Start of Dataset extract

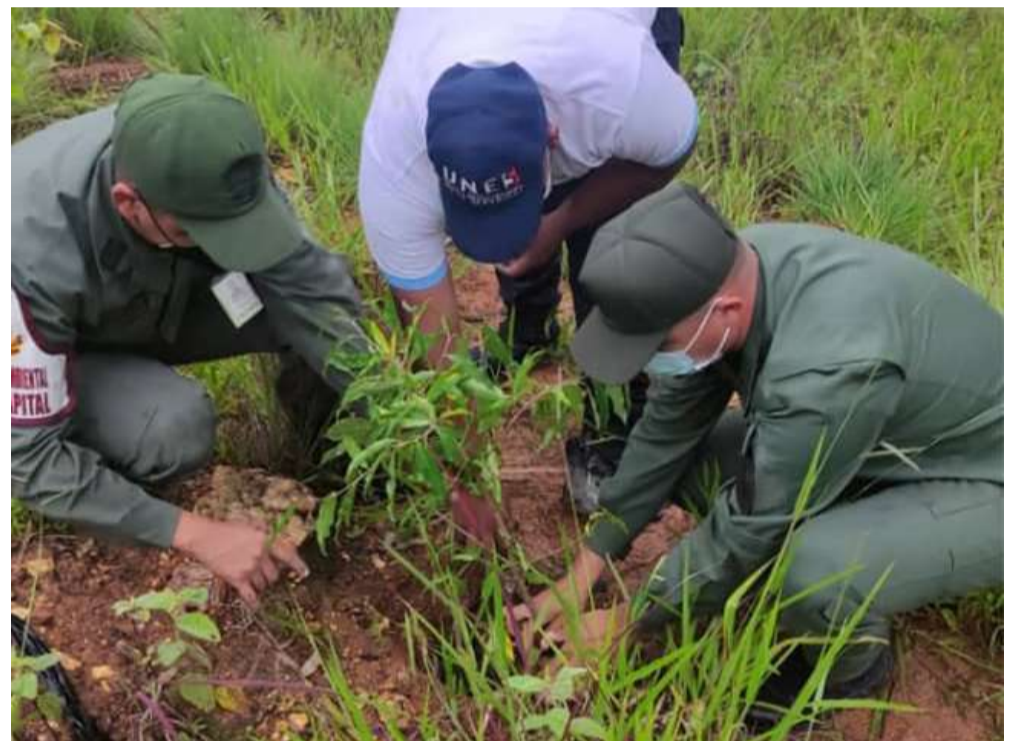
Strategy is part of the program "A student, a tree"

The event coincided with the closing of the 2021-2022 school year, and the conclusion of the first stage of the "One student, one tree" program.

End of Dataset extract
Start of Dataset extract

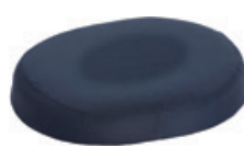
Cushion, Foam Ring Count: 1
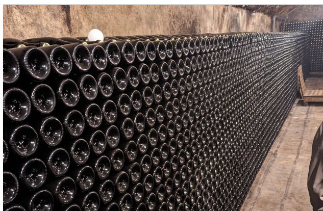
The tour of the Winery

End of Dataset extract
Start of Dataset extract

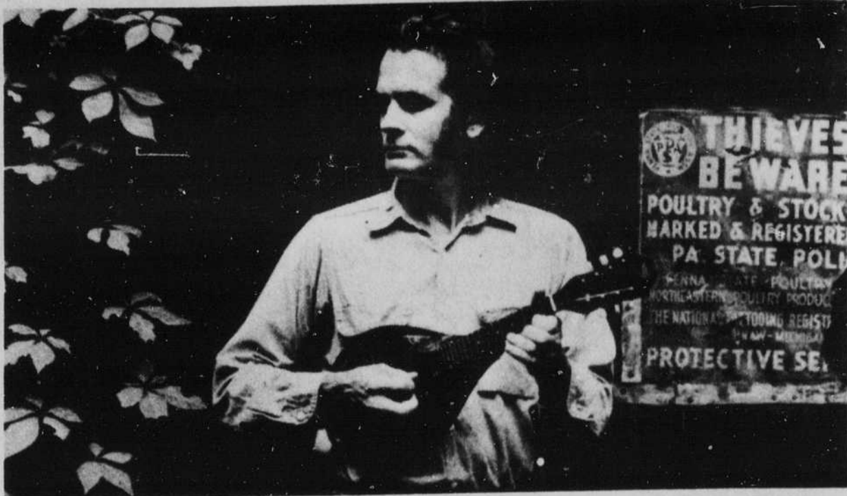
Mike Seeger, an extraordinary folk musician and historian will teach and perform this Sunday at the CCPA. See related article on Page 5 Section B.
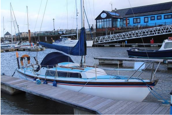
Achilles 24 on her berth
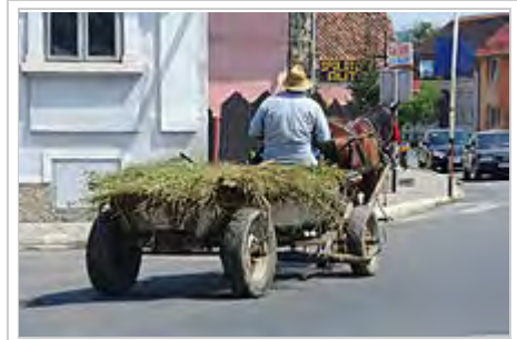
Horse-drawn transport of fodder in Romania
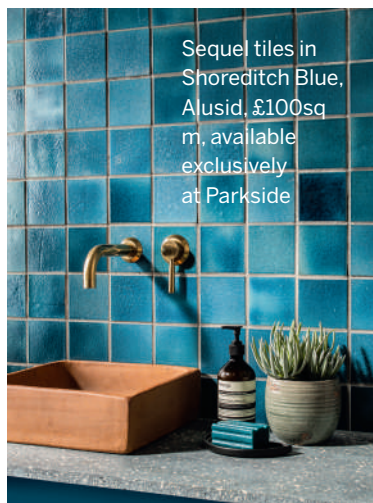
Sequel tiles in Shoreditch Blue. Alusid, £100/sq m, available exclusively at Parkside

End of Dataset extract

Activity:
Since only part of the listing is wanted, copy exactly the lines from the one holding "Strategy is part" to the one holding "The event coincided", both included.

Answer section:
Strategy is part of the program "A student, a tree"

The event coincided with the closing of the 2021-2022 school year, and the conclusion of the first stage of the "One student, one tree" program.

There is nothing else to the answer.